Enviado especial do Observador, em Tóquio

“Um aviso, traz muita água. Está muito agreste”.

Este domingo todos os caminhos nacionais iam dar de manhã ao Ariake Urban Sports Park. Havia Pedro Fraga e Afonso Costa no remo, Joana Ramos no judo, Teresa Bonvalot e Yolanda Hopkins no surf ou Carolina João na vela mas a estreia do skate como modalidade olímpica e a presença do português Gustavo Ribeiro chegando com um quinto lugar no ranking mundial que já chegou a ser terceiro eram motivos mais do que suficientes para ter a atenção principal do dia. O jovem de 20 anos ainda chegou à final mas, depois de uma primeira queda um pouco mais agressiva nas decisões, forçou ainda mais, conseguiu ainda menos e não foi além de um oitavo lugar. De fora, a festa foi japonesa, brasileira e americana. Todos a suar, a maioria morena, alguns com um escaldão.

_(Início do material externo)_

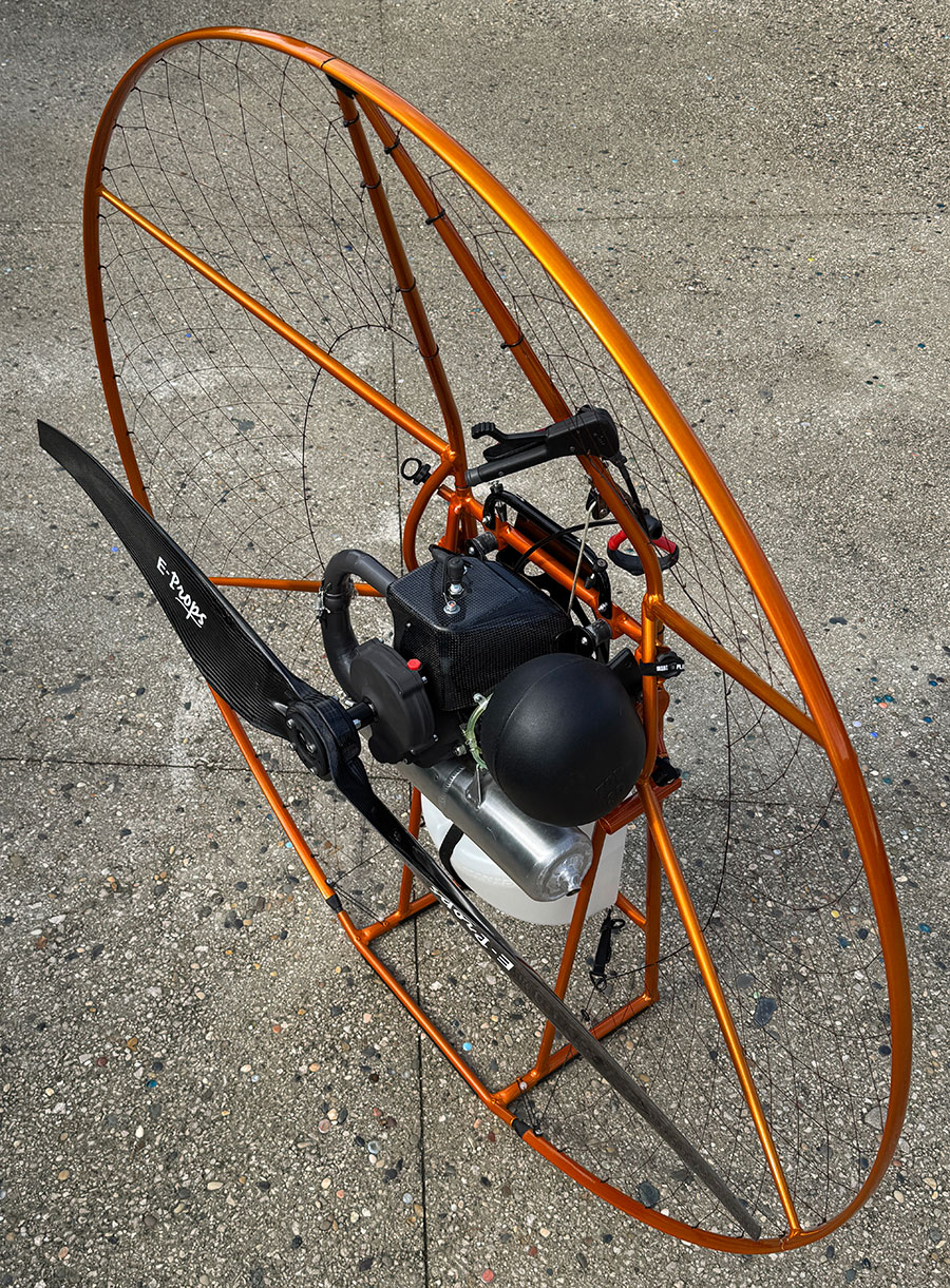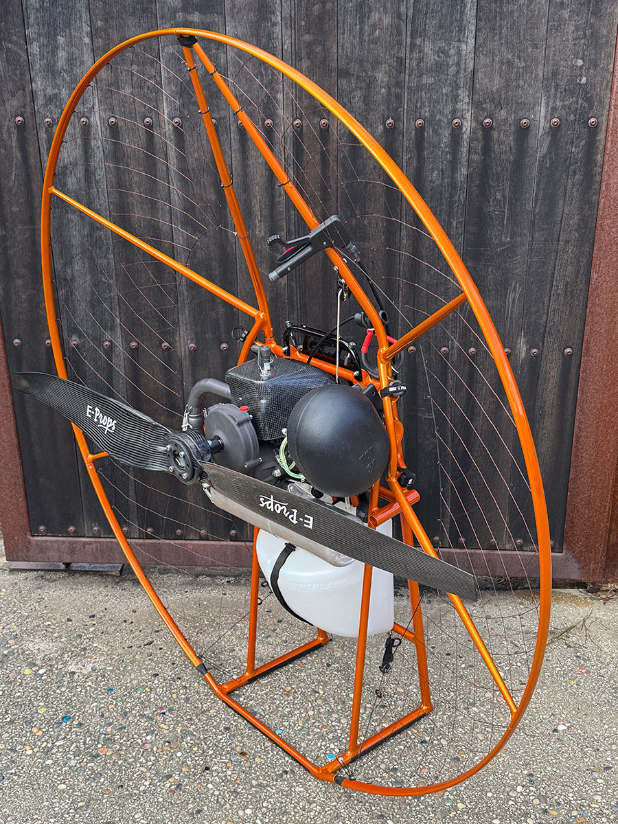 Please note: This listing is for the 12L Miniplane Rigid Cage 140 ABM Paramotor with the E-Props 135cm propeller & 2-piece Rigid Cage - no glider or helmet is included. The Paramotor does include the specially designed E-Props 135cm Propeller, Harness and Throttle. Color of this unit is Metallic Orange. This 2-part Rigid Cage Paramotor includes the reliable and time-proven Top 80 engine (shown in the photos). Email info@AmericanParagliding.com or call or text Chad at 805-403-1859 for interest or questions regarding this paramotor.

A questão da água (e muita nunca era a mais, confirmou-se) foi a mensagem que rapidamente começou a ser passada entre os jornalistas nacionais perante as condições em que ia ser realizada a prova: muito calor, sol a bater de frente, alguma sombra mesmo a acabar mas apenas nas eliminatórias. Não era por acaso que, numa novidade em relação aos outros locais de provas, a sala de imprensa estava carregada de água, de bananas e de pequenas sandes de manteiga de amendoim – tudo contava para tentava fugir ao choque de uma temperatura que, por altura da final, passava dos 35º com uma humidade asfixiante. E aquela mensagem inicial continuava a vir à cabeça, até porque três jornalistas japoneses que iam para o ténis levavam sacos de garrafas de água, que depois têm de abrir e beber quando vão passar no habitual controlo de segurança na entrada.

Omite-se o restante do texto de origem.